6.4.4.1 Data Generation Model
In the evaluation of the simultaneous auction mechanism, we need to have the data for bids as well as the requests. The data generation model follows three steps to generate the data:
Step 1. Generating the tasks in the market:
The model starts by generating a fixed number of tasks for the market, based on the given value for the simulation parameter Tasks_Number. This is the set of tasks that are mostly relevant to a particular business domain, and therefore, there is a community of service providers and requesters interested in these tasks.
Step 2. Generating the set of service providers:
In the second step, a fixed number of service providers will be created, based on the given value for the simulation parameter Providers_Number. Each provider will have an independent valuation for each task, drawn from a uniform distribution between [1,100]. This is referred to as Independent Private Valuation (IPV) model in auction theory (Kagel and Levin 1993) and is similar to the CATS approach in generating the prices for the items under auction. Participants with an IPV model only know their own valuation and they do not care about others’ valuations for the items being auctioned. The IPV model is the common assumption in the auction and mechanism design literature.29
Subsequently, each provider will be assigned a discount factor which is drawn from a uniform distribution between [0, Max_Discount], where Max_Discount is the maximum discount given by providers in that market.
29 As discussed in subsection 5.3.2.2 (stage 2), another valuation function in auction theory is called “the
common value” where the value of offering the service for a task is more or less the same for all providers, but each provider’s estimate for how much they can charge to sell the service in the market is different. Although this approach seems to be more realistic than the IPV, it is not used very often in research and experiments. One reason might be the complexity of analysis related to games based on this model. For example, the winners of a game with this valuation model will always suffer from the winner’s curse. Moreover, in the previous chapter, the results of the experiments with the two valuation functions did not lead to significant difference in the cost or success rate. Therefore, we decided to base the simulation for the simultaneous auction on the more commonly used independent private valuation (IPV) model.
154 Step 3. Generating the offers (bids):
In the third step, a fixed number of combinatorial offers (bids) is generated for one simulation round based on the given value for the simulation parameter Offers_Number.
Offers are then randomly assigned to providers. This means that each provider might have one or more bids active in the market. Each bid has the following elements to be considered during bid generation:
1. Number of services to be offered in the bid 2. The services to be offered
3. The price for the bundle.
To decide the number and the services in each bid, we have two options:
1. Uniform distribution: m, the number of services in each bid, is drawn from a uniform distribution between [1, M], where M is the number of tasks in the market. Then, choose m random tasks from the set of M tasks, and add the equivalent services to the bid.

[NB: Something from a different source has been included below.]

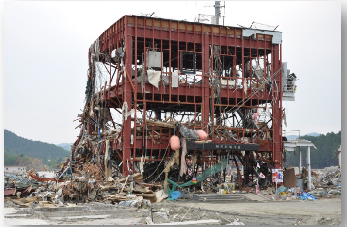
南三陸町、防災対策庁舎

南三陸町、東松島市、松島町、七ヶ浜町、利府町にて6回のボランティア公演をしてきました。津波によって甚大な被害を受け、避難生活を余儀なくされている人達に寄り添おうと出かけました。被災地の子供たちを喜ばせようと思い・・・。

2. Decay distribution: Consider a new parameter, α < 100, which determines the bid (bundle)’s crowdedness. α can be set at different values for different providers or can have the same value across all providers in the market. Randomly, choose the first service to be included in the bid. Then, draw a random number between [0,100]. If this number is smaller than α, choose another service randomly to be added to the bundle and start over, otherwise stop.
We chose the decay distribution option as it is said to generate harder instances of combinatorial bids for solvers (Sandholm et al. 2002). To set α, we initially experimented with setting a different α for different providers. As the average α across all providers had been close to 50%, the average size of the bids would be less than having three services. This would create simple combinatorial bid instances. To have more variety of simple and complex bids, we decided to keep α fixed for the whole market on 75%.
The price requested for the services offered in a bid is calculated as the sum of the provider’s valuations for the services in the bid, minus a discount which is calculated based on the provider’s discount factor.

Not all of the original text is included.